**Assigned task**. Skipping each picture, output the entries exactly as they stand below.

++++++++++++++++++++

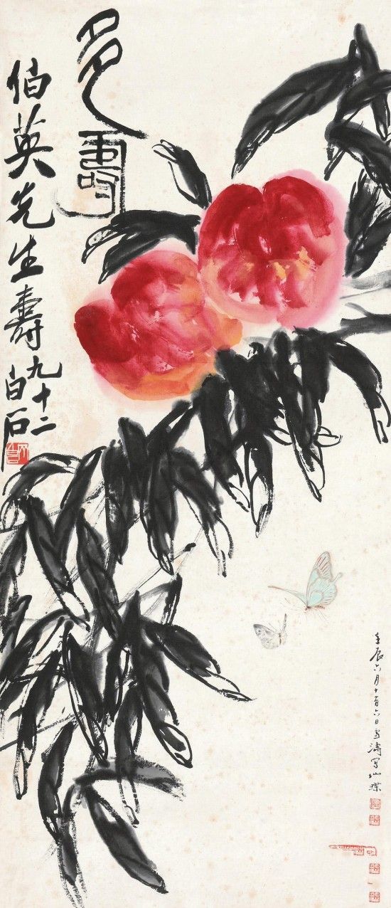 齐白石、王雪涛《多寿图》:此作为齐白石先生晚年的作品。图中中色、墨的使用可谓信手拈来,既热烈又沉着,既浓艳又和谐。两颗大桃施以鲜艳而饱和的洋红,先以没骨大写意法直接用洋红泼写硕大桃实,渗以少许柠檬黄,具有鲜明的民间艺术特色;细长的桃叶则用花青和赭墨写出,并用浓墨勾勒叶筋;笔墨上淋漓洒脱,奔放自如,生动活泼。衰年变法后的齐白石形成了属于自己的笔墨风格,单纯却不简单、真率而不粗俗、热烈而不痴狂、鲜明而不华艳。题材上他以丰富的生活经验,“为万虫写照,为百鸟传神”,歌颂生活中一切美好的东西,实为雅俗共赏。
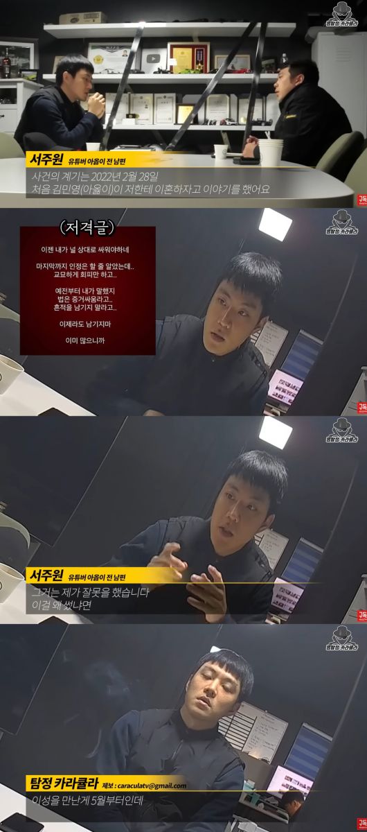 10일 유튜브 채널 ‘명탐정 카라큘라’에서는 서주원이 출연해 “이혼 도장 찍기 전에 여자를 만난 것은 제 잘못”이라면서도 “이혼 사유는 성격 차이”라고 선을 그었다.
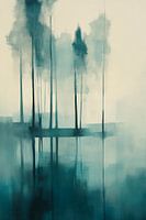 In zachte blauwe tinten glijden melancholische boomsilhouetten over een spiegel van stilstaand water, terwijl de mist mysterieuze dieptes creëert. Deze harmonieuze compositie straalt rust en elegantie uit en verandert elke kamer in een oase van ontspanning. Ideaal als accent in de slaapkamer of woonkamer, het werk nodigt uit om te dromen.
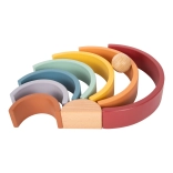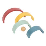 Questo arcobaleno di legno offre un'ottima opportunità per i bambini di sviluppare la loro immaginazione e le abilità motorie. Include 8 archi colorati e una pallina di legno che può servire come strumento didattico per comprendere le dimensioni e i colori. Il giocattolo è realizzato in accordo con la pedagogia Montessori ed è ideale per il gioco libero.
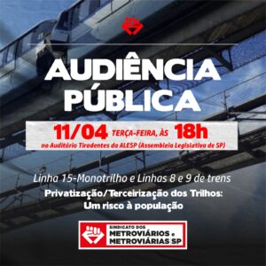 Na terça-feira (11/4), a partir das 18h, no auditório Tiradentes da Assembleia Legislativa de SP, será realizada a Audiência Pública Linha 15-Monotrilho e Linhas 8 e 9 de trens — Privatização/Terceirização dos Trilhos: Um risco à população.
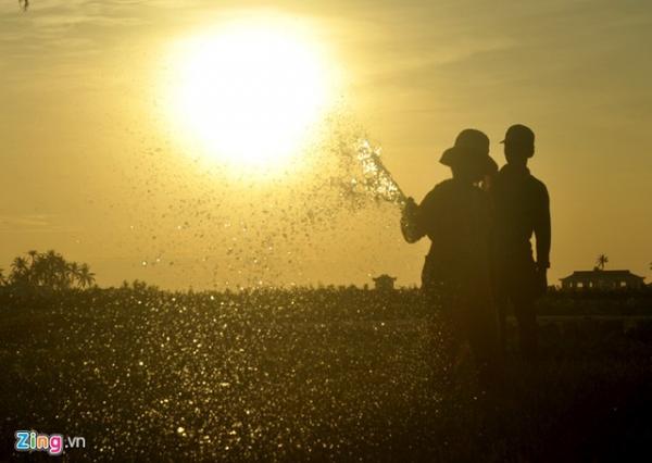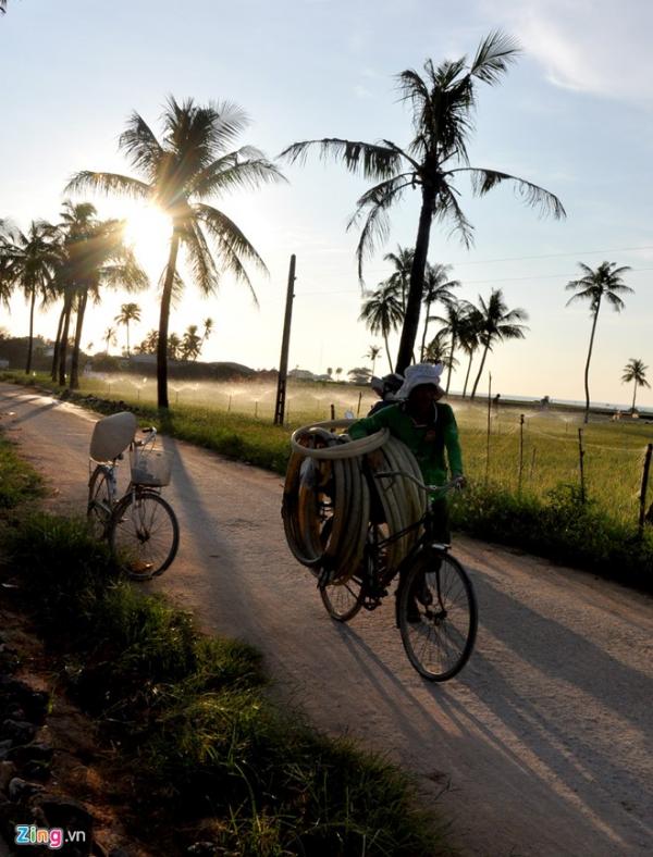 On hot summer days, from early morning, farmers of Ly Son island carry plastic pipes to the field to water their onion trees.

++++++++++++++++++++

**Answer to this problem**.
 齐白石、王雪涛《多寿图》:此作为齐白石先生晚年的作品。图中中色、墨的使用可谓信手拈来,既热烈又沉着,既浓艳又和谐。两颗大桃施以鲜艳而饱和的洋红,先以没骨大写意法直接用洋红泼写硕大桃实,渗以少许柠檬黄,具有鲜明的民间艺术特色;细长的桃叶则用花青和赭墨写出,并用浓墨勾勒叶筋;笔墨上淋漓洒脱,奔放自如,生动活泼。衰年变法后的齐白石形成了属于自己的笔墨风格,单纯却不简单、真率而不粗俗、热烈而不痴狂、鲜明而不华艳。题材上他以丰富的生活经验,“为万虫写照,为百鸟传神”,歌颂生活中一切美好的东西,实为雅俗共赏。
 10일 유튜브 채널 ‘명탐정 카라큘라’에서는 서주원이 출연해 “이혼 도장 찍기 전에 여자를 만난 것은 제 잘못”이라면서도 “이혼 사유는 성격 차이”라고 선을 그었다.
 In zachte blauwe tinten glijden melancholische boomsilhouetten over een spiegel van stilstaand water, terwijl de mist mysterieuze dieptes creëert. Deze harmonieuze compositie straalt rust en elegantie uit en verandert elke kamer in een oase van ontspanning. Ideaal als accent in de slaapkamer of woonkamer, het werk nodigt uit om te dromen.
 Questo arcobaleno di legno offre un'ottima opportunità per i bambini di sviluppare la loro immaginazione e le abilità motorie. Include 8 archi colorati e una pallina di legno che può servire come strumento didattico per comprendere le dimensioni e i colori. Il giocattolo è realizzato in accordo con la pedagogia Montessori ed è ideale per il gioco libero.
 Na terça-feira (11/4), a partir das 18h, no auditório Tiradentes da Assembleia Legislativa de SP, será realizada a Audiência Pública Linha 15-Monotrilho e Linhas 8 e 9 de trens — Privatização/Terceirização dos Trilhos: Um risco à população.
 On hot summer days, from early morning, farmers of Ly Son island carry plastic pipes to the field to water their onion trees.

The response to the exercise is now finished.